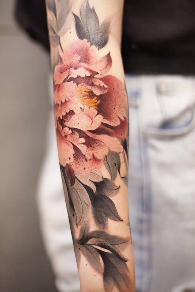 This forearm tattoo features a soft, smoky rendition of a peony with muted pink petals and dark leaves.
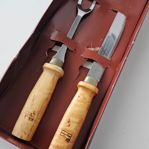 Myydään kuvan mukainen Iisakki Järvenpään Peijais-setti, johon kuuluu veitsi ja haarukka. Käyttämätön. Tarjousten perusteella. Laatikon läpinäkyvä suojakuori rikki. Mahdolliset postikulut ostajalle.
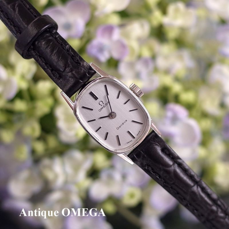 極小 オメガ ジュネーブ 70's アンティーク SS/GF グレー 新品革ベルト レディース 手巻 腕時計 OMEGA OH済1年保証
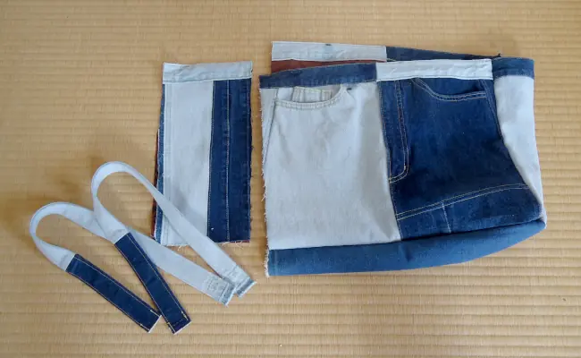 I thought it would be beautiful if I applied straight and clear patchworks. However, I realized that its contrast was too high, as shown in the following photo. In addition, I noticed that I forgot to add inner pockets. I need to unsew many parts and modify them.
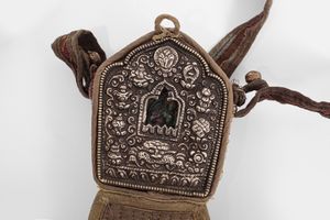 Reliquiario buddista in forma circolare, coperchio incernierato e sbalzato con gli 8 emblemi buddisti disposti [..]
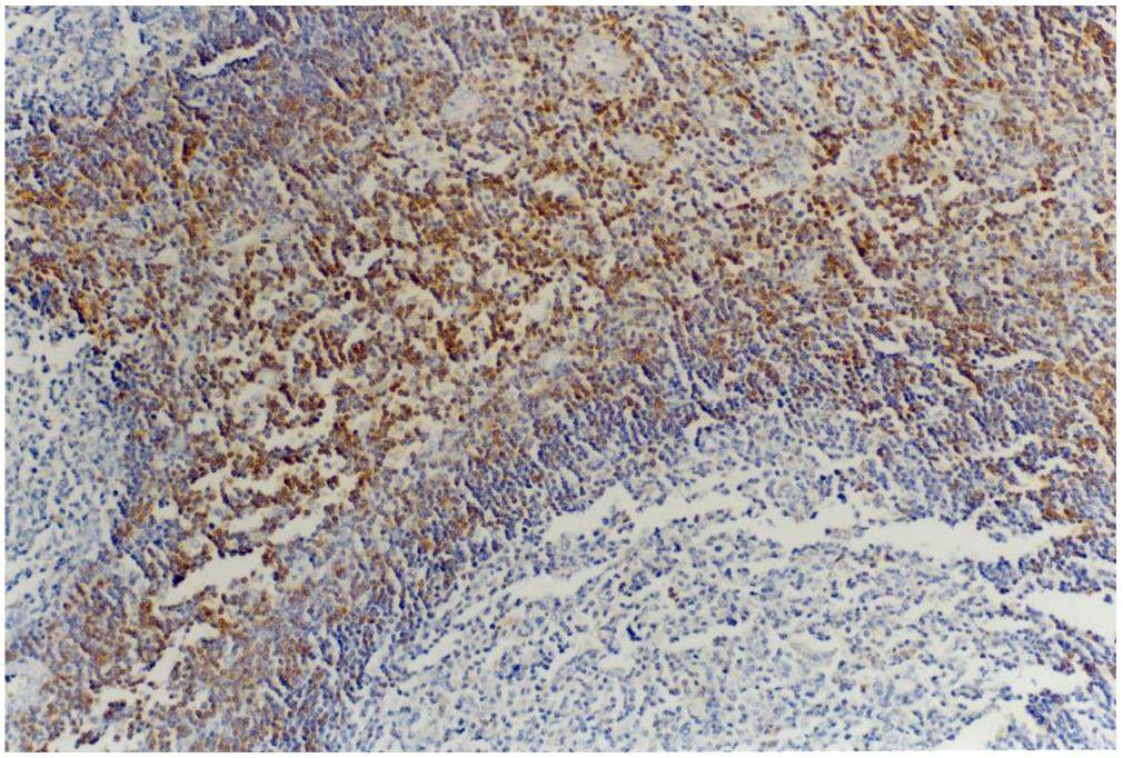 Immunohistochemistry staining of tonsil (paraffin-embedded sections) with anti-CD45RB (MEM-55).
▬▬▬▬▬▬
• **WHAT THE EXERCISE ASKS**: Give again, word for word, the lines above from the one with "極小 オメガ ジュネーブ" through the final line of the data, both ends included. Do not copy any picture.

• **OUTPUT**:
 極小 オメガ ジュネーブ 70's アンティーク SS/GF グレー 新品革ベルト レディース 手巻 腕時計 OMEGA OH済1年保証
 I thought it would be beautiful if I applied straight and clear patchworks. However, I realized that its contrast was too high, as shown in the following photo. In addition, I noticed that I forgot to add inner pockets. I need to unsew many parts and modify them.
 Reliquiario buddista in forma circolare, coperchio incernierato e sbalzato con gli 8 emblemi buddisti disposti [..]
 Immunohistochemistry staining of tonsil (paraffin-embedded sections) with anti-CD45RB (MEM-55).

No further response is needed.